Show HN: Program that reads for you: free online Summarizer - jennypolnir
http://esapi.intellexer.com/Summarizer
======
mswen
I ran a named entity extractor on the following URL

[http://computationalimagination.com/article_empirical_questi...](http://computationalimagination.com/article_empirical_question.php)

The opening of this article has several entities that are easy for a human to
parse out and the Summarizer did OK but still well behind a human.

"That's an empirical question! I was walking down Church Street toward Coffman
Union on the U of Minnesota campus, shooting the breeze and arguing with a
fellow grad student when I first heard those words from Bill. Bill [William D.
Wells] had recently been lured out of semi-retirement from the advertising
agency DDB Needham and back into academia."

Intellexer missed the common U as a sign for University particularly when
followed by "of" and either another capital letter such as "U of M" or as in
the case above "U of Minnesota" the name of a place.

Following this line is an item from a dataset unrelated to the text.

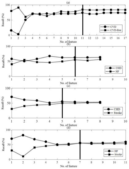 The classification performance according to number of features for feature selection. (a) CVD and CVD-free, (b) CHD and HF, (c) CHD and stroke, and (d) HF and stroke.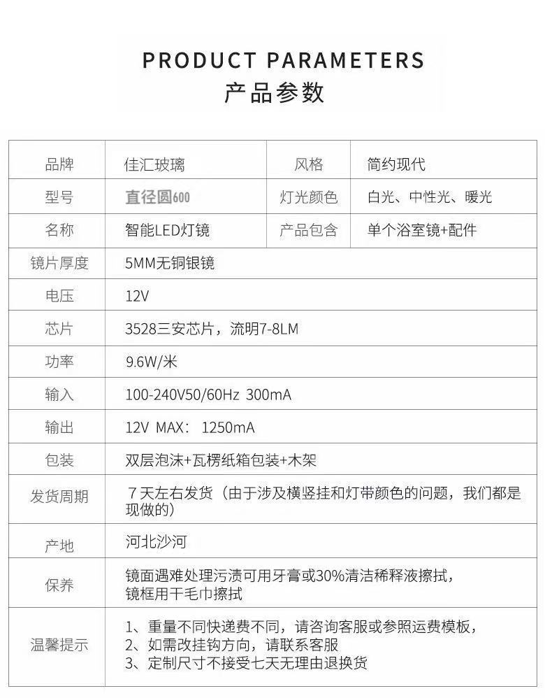 60 diameter round single key + White Light, 60 diameter circle single key + warm light, 60 diameter round doub...

It did capture Coffman Union, Minnesota and Church Street as locations. Which
is technically correct but because it didn't recognized U of Minnesota campus
as a broader location it cannot place Coffman Union and Church Street as sub
locations within a larger entity.

The "Clusterizer" identified some reasonable clusters, really more like a list
of important key words.

The "Summarizer" which seems to just try to find the best summary sentences
from within the text and present them was a very mixed bag. Of the 10
sentences it picked 6 were good and 4 were clear misses in terms of picking
out good summary sentences.

Overall not bad. But also not surprisingly good. For comparison - I used this
same article as a test of the IBM Watson NLP API for entity extraction a few
months ago and Intellexer did a little bit better.